Now here’s the funny thing, I fall asleep during MRIs.  Yup.  No problems.  See, no one can get me there.  No one can call me or email me.  They tuck me in with a nice blanket.  Could a girl want more?  I was signed up for a special one. This time, they made me wear two gowns.  LUCKY!  So, now is the fun part.  I don’t have spectral leg, cane or glasses.  They have to carry me onto the machine. I get my nap.  They pull me out.  I am used to this drill.  They usually reposition  me and roll me back in.  Not this time.  We do the carry thing into another room and machine.  Ah, that explains the double gown!  I settle in to a new machine.  They pull me out again.  The machine is broken!
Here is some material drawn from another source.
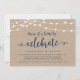 Hermosas Luces de Cadena de Granja Rústica Moderna, fuente de letra Script azul marino en fondo de papel Kraft, Anuncio de Elopamiento de Boda, Tarjeta de invitación (Ahora es hora de celebrar). Esto es perfecto para la recepción de su boda y la fiesta de celebración después de la boda. Agregue sus detalles en la fuente / letra coincidente.
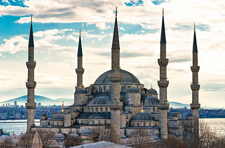 كانت هدية السلطان أحمد الأول المعمارية العظيمة إلى عاصمته هذا المسجد الجميل، المعروف باسم المسجد الأزرق اليوم. بني المسجد بين عامي 1609 و 1616 وأحدث ضجة في جميع أنحاء العالم الإسلامي عندما تم الانتهاء منه حيث كان لديه ستة مآذن. يحصل المسجد على لقبه من زخارفه الداخلية لعشرات الآلاف من بلاط إزنيق. إن التأثير المكاني واللون الداخلي بأكمله يجعل المسجد أحد أروع إنجازات العمارة العثمانية.

Back to the wheelchair.  And onto the neurological tests.  Well, first I do the physical .  My now usual stumble. The thing with the neurological tests is they are usually the same.  They read a list of objects and I tell them the list back.  I am really good at this. I remember from year to year. LOL.  This year they changed the list.  Hey, I aced it, no mistakes.  There are other tests which I also remember.  One I particularly dislike  is 6 shapes that you need to sort into 2 groups of 3.  I miss some usually.  This time I did more combinations than ever.  My mind is not declining.  Researcher said she won’t tell me what I missed ’cause I’ll remember next year.

Being in a wheelchair was  weird. I felt diminished. I was lower than everyone.  People moved out of our way. Moving without doing anything was unsettling.  On one hand, it was stress-free; on the other it was awful to think that I had come to that.

This cannot continue.  I cannot give up.  I don’t know what to do.